# texas tortoise



## jasso2 (May 19, 2008)

some guy my cousin knows has a texas tortoise, illegal if im not mistaken. he was going to give it to me but i told him i need to do research if theres a permit of some sort for a texas tortoise (here is texas). this shell looked alittle rough so im guessing he got him from the wild but told me got it from his uncle years ago. was looking for permits but only found some form desert tortoise in cali,az,etc (no texas/texas tortoise).....advise?


----------



## jasso2 (May 19, 2008)

any advise would help. thanks


----------



## Yvonne G (May 19, 2008)

jasso2 said:


> some guy my cousin knows has a texas tortoise, illegal if im not mistaken. he was going to give it to me but i told him i need to do research if theres a permit of some sort for a texas tortoise (here is texas). this shell looked alittle rough so im guessing he got him from the wild but told me got it from his uncle years ago. was looking for permits but only found some form desert tortoise in cali,az,etc (no texas/texas tortoise).....advise?
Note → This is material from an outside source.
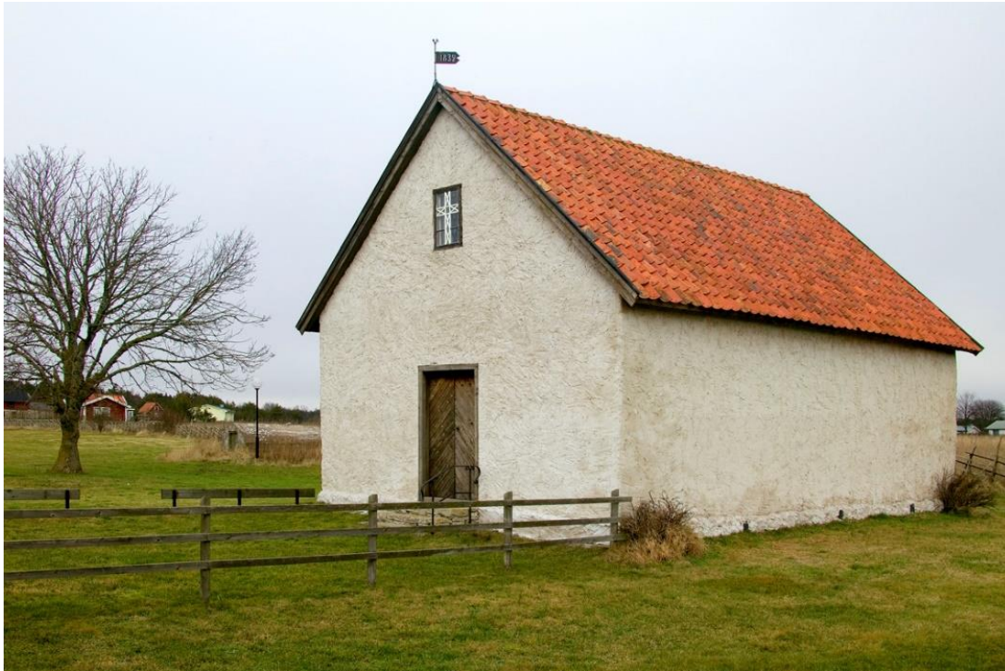
Kapellet från sydväst under 2000-talet. Foto Bo-Göran Kristoffersson 2004–09. Visby stift.

You need to contact the government agency that handles this species of tortoise. Here in California its called Department of fish and game. I don't know what its called in Texas. It might be the same agency that issues fishing licenses. At any rate, its usually not illegal to have them, you just need a permit. Here in California, the tortoise never belongs to you, it belongs to the state of California. We just have a permit to keep it on our premises.

Yvonne


----------



## Itort (May 19, 2008)

Here is a link that explains about texas torts and permits : www.gctts.org/node/45


----------



## Yvonne G (May 19, 2008)

Itort said:


> Here is a link that explains about texas torts and permits : www.gctts.org/node/45



Larry: Thanks for that link. Its good to know that in Texas a private party cannot get a permit to keep a Texas tortoise. Funny that here in California, we can keep them and have to get a permit!

Yvonne


----------



## Itort (May 19, 2008)

I think that the states in range of desert tort are fine examples (in most cases) of management of these guys. I wish all states within range of gopherus species would follow that example.


----------



## jasso2 (May 19, 2008)

thanks for the info guys!


----------